Respondent argues that petitioner failed to exhaust any ground for relief in state court and that petitioner cannot return to state court to exhaust his grounds for relief (Dkt. 11). Respondent does not address any of petitioner's grounds for relief on the merits ( id. ). Prior to addressing the merits, the Court must consider the issue of procedural bar. The Court cannot normally grant habeas relief on any issue that petitioner did not exhaust. 28 U.S.C. § 2254(b)(1) states, in pertinent part:

(b)(1) An application for a writ of habeas corpus on behalf of a person in custody pursuant to the judgment of a state court shall not be granted unless it appears that:
(A) the applicant has exhausted the remedies available in the courts of the state; or
(B) (i) there is an absence of available state corrective process; or (ii) circumstances exist that render such process ineffective to protect the rights of the applicant.

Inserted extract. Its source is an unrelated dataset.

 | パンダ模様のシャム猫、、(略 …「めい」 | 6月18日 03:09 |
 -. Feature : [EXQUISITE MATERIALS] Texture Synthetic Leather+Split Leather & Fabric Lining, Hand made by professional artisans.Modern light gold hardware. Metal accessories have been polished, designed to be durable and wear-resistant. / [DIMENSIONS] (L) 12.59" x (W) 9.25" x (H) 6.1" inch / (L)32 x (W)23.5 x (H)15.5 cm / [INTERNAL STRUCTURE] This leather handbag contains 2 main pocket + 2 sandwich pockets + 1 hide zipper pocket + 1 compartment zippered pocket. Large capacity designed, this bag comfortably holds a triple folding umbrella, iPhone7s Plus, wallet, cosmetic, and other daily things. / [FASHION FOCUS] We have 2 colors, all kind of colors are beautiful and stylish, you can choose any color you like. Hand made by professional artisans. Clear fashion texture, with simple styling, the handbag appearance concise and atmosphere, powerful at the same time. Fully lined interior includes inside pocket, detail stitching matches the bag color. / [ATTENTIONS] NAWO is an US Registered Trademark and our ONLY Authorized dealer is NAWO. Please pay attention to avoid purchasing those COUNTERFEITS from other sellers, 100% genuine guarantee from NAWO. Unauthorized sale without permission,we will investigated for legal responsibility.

28 U.S.C. § 2254(b)(1). If petitioner shows that any issue regarding prehearing matters has been properly exhausted he may renew his motion for transcripts. However, the Court must first consider if the petition is procedurally barred. Ordering transcripts for an issue that may be procedurally barred is unnecessary. The motion to expand the record (Dkt. 6), is denied without prejudice.

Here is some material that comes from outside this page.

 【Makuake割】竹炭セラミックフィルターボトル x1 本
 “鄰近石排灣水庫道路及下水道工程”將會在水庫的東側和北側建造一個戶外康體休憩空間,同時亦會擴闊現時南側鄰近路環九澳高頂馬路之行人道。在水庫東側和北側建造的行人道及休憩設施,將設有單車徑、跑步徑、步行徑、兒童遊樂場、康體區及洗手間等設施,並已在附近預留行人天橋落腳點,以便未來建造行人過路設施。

2. Motion for production of his entire central file.

Petitioner asks the Court to order respondent to provide him with a copy of his entire prison central file (Dkt 13). Petitioner should be able to view his central file by contacting his counselor and making arraignments with the prison to see his file. Respondent confirms the Court's belief that petitioner may request to view his file (Dkt. 17, p. 2). Petitioner fails to show any reason for the Court to order the Department of Corrections or respondent to reproduce the file. This motion is denied with prejudice.

3. Motion for an additional time to file a reply.

Petitioner asks the Court to grant him additional time to file a reply, but he does not specify how much time he wants (Dkt. 18). Petitioner argues that he is having a number of difficulties with prison staff regarding access to courts. Respondent does not object to petitioner's request (Dkt. 24, p. 2). The Court grants petitioner's motion. Petitioner's traverse or reply will be due on or before June 20, 2014. The Court on its own motion re-notes this matter as being ripe for consideration on June 27, 2014.

4. Motions for orders to serve respondent.

Petitioner filed two motions asking the Court to serve respondent, but respondent has responded to petitioner's motions. There is nothing for the Court to serve on respondent. Accordingly, the Court denies petitioner's motions (Dkt. 19 and 22).

5. Motion for appointment of counsel.

Petitioner asks the Court appoint Jean Schielder Brown & Associates to represent him in this matter (Dkt. 14, p.4). There is no right to have counsel appointed in cases brought under 28 U.S.C. § 2254 unless an evidentiary hearing is required, because the action is civil, not criminal, in nature. Brown v. Vasquez, 952 F.2d 1164, 1168 (9th Cir. 1991) ( citing McCleskey v. Zant, 499 U.S. 467, 495 (1991)); see Ortiz v. Stewart, 149 F.3d 923, 939 (9th Cir. 1998) ("There is simply no constitutional right to an attorney in a state post-conviction proceeding."); see also Terrovona v. Kincheloe, 852 F.2d 424, 429 (9th Cir. 1988).

Petitioner has failed to show appointment of counsel is required in this case. The Court denies his motion for appointment of counsel.